• **Exercise**
Without the pictures, write out all the lines below exactly as they appear.

• **Data section**
▬▬▬▬▬▬▬▬▬▬

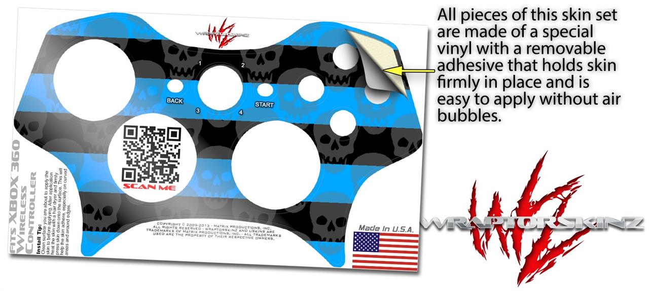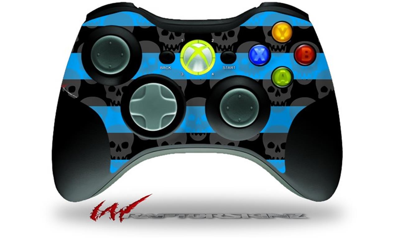 XBOX 360 Wireless Controller Decal Style Skin - Skull Stripes Blue (CONTROLLER NOT INCLUDED)
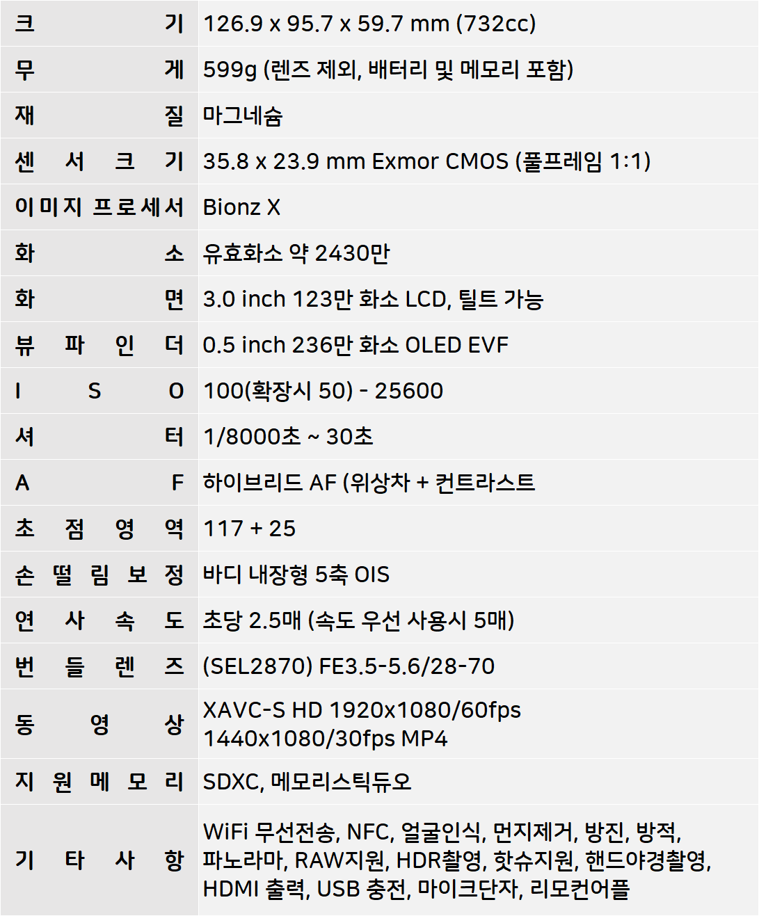 제가 구매한 A7M2K는 A7M2에 SEL2870 렌즈가 포함된 기본 렌즈킷입니다. SEL2870은 줌 조절에 따라서 조리개 값이 변하는 가변 조리개 렌즈로 이너 포커스 구조를 가지고 있어서 촬영 거리가 변경되어도 길이가 변하지 않습니다. 다만, 이너 줌 구조는 아니기 때문에 줌 조절에 따라서 코가 튀어나오지만 약간 나오는 구조이다 보니까 크게 길이 변화를 느끼기는 힘듭니다. 여담으로, SEL2870은 번들로 제공되는 렌즈임에도 불구하고 성능이 뛰어나서 가성비가 좋은 렌즈로 많이 알려져 있습니다.
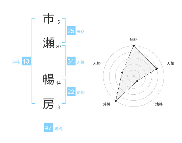 市瀬 暢房さんの総格は47画の5点!
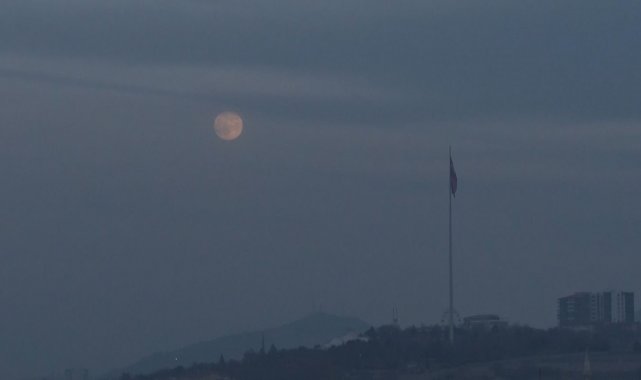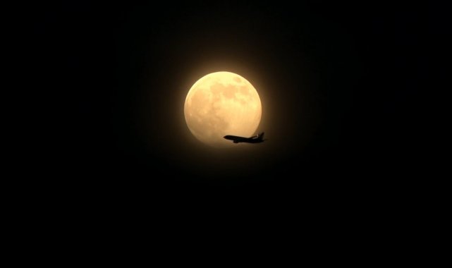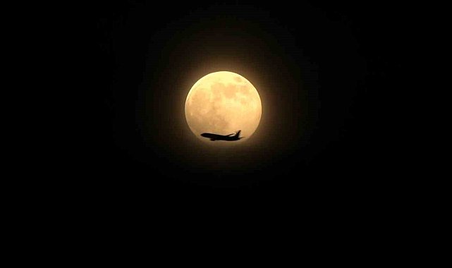 Ankara'da akşam saatlerinde Dünya'ya en yakın konuma yaklaşan Ay, normalden yaklaşık yüzde 30 daha parlak ve büyük görünerek dikkat çekti. Tam bu sırada Ankara semalarında seyreden bir yolcu uçağının Ay'ın önünden geçmesi, kartpostallık bir an ortaya çıkardı.

▬▬▬▬▬▬▬▬▬▬

• **Result of this task**
 XBOX 360 Wireless Controller Decal Style Skin - Skull Stripes Blue (CONTROLLER NOT INCLUDED)
 제가 구매한 A7M2K는 A7M2에 SEL2870 렌즈가 포함된 기본 렌즈킷입니다. SEL2870은 줌 조절에 따라서 조리개 값이 변하는 가변 조리개 렌즈로 이너 포커스 구조를 가지고 있어서 촬영 거리가 변경되어도 길이가 변하지 않습니다. 다만, 이너 줌 구조는 아니기 때문에 줌 조절에 따라서 코가 튀어나오지만 약간 나오는 구조이다 보니까 크게 길이 변화를 느끼기는 힘듭니다. 여담으로, SEL2870은 번들로 제공되는 렌즈임에도 불구하고 성능이 뛰어나서 가성비가 좋은 렌즈로 많이 알려져 있습니다.
 市瀬 暢房さんの総格は47画の5点!
 Ankara'da akşam saatlerinde Dünya'ya en yakın konuma yaklaşan Ay, normalden yaklaşık yüzde 30 daha parlak ve büyük görünerek dikkat çekti. Tam bu sırada Ankara semalarında seyreden bir yolcu uçağının Ay'ın önünden geçmesi, kartpostallık bir an ortaya çıkardı.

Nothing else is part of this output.